Material provided below:

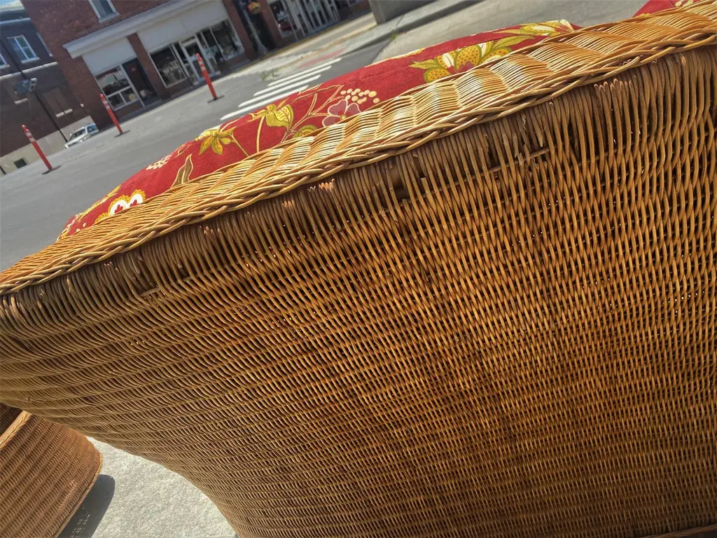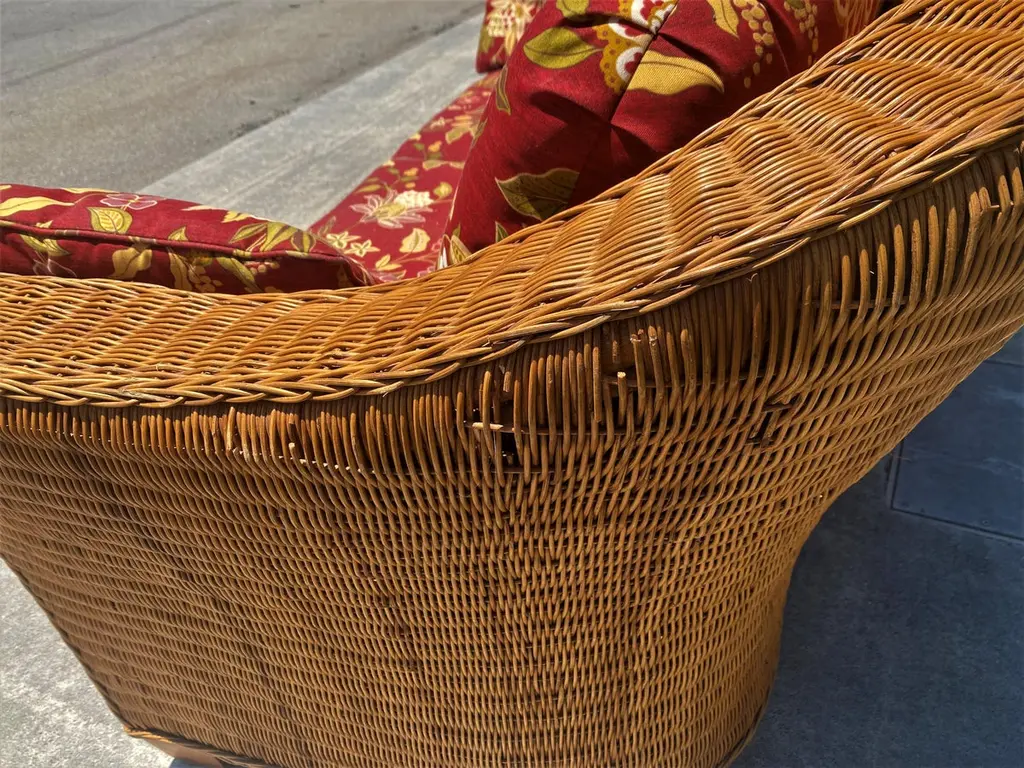 Modern Wicker Hump Back Red Floral Upholstered Loveseat
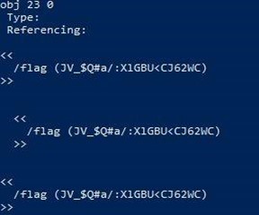 PDF Parser AnalysisObject 5 contains embedded JavaScript. There is also a separate /flag (...) object in the PDF, which looks suspicious.
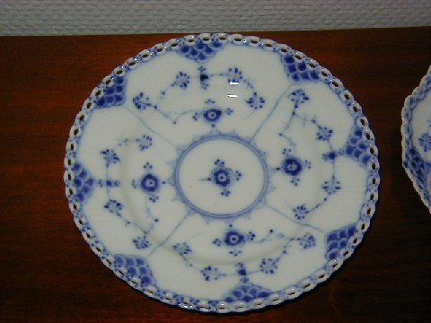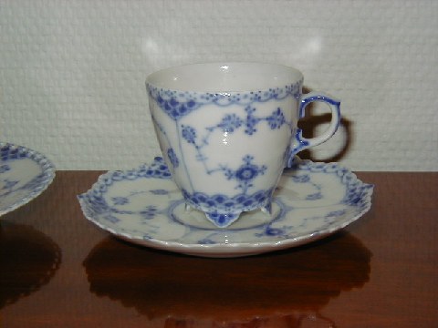6 sæt Kongelig Musselmalet Helblonde kopper med fødder samt helblonde sidetallerkner. Kopperne og underkopper har nummer 1/1037, tallerknerne har nummer 1/1088. Prisen er for 1 sæt bestående af kop, underkop og sidetallerken.

End of Material provided.

> _Exercise goal_
From the line containing "PDF Parser AnalysisObject" to the final line above, both included, transcribe every line exactly and leave all pictures out.

> _Response below_
 PDF Parser AnalysisObject 5 contains embedded JavaScript. There is also a separate /flag (...) object in the PDF, which looks suspicious.
6 sæt Kongelig Musselmalet Helblonde kopper med fødder samt helblonde sidetallerkner. Kopperne og underkopper har nummer 1/1037, tallerknerne har nummer 1/1088. Prisen er for 1 sæt bestående af kop, underkop og sidetallerken.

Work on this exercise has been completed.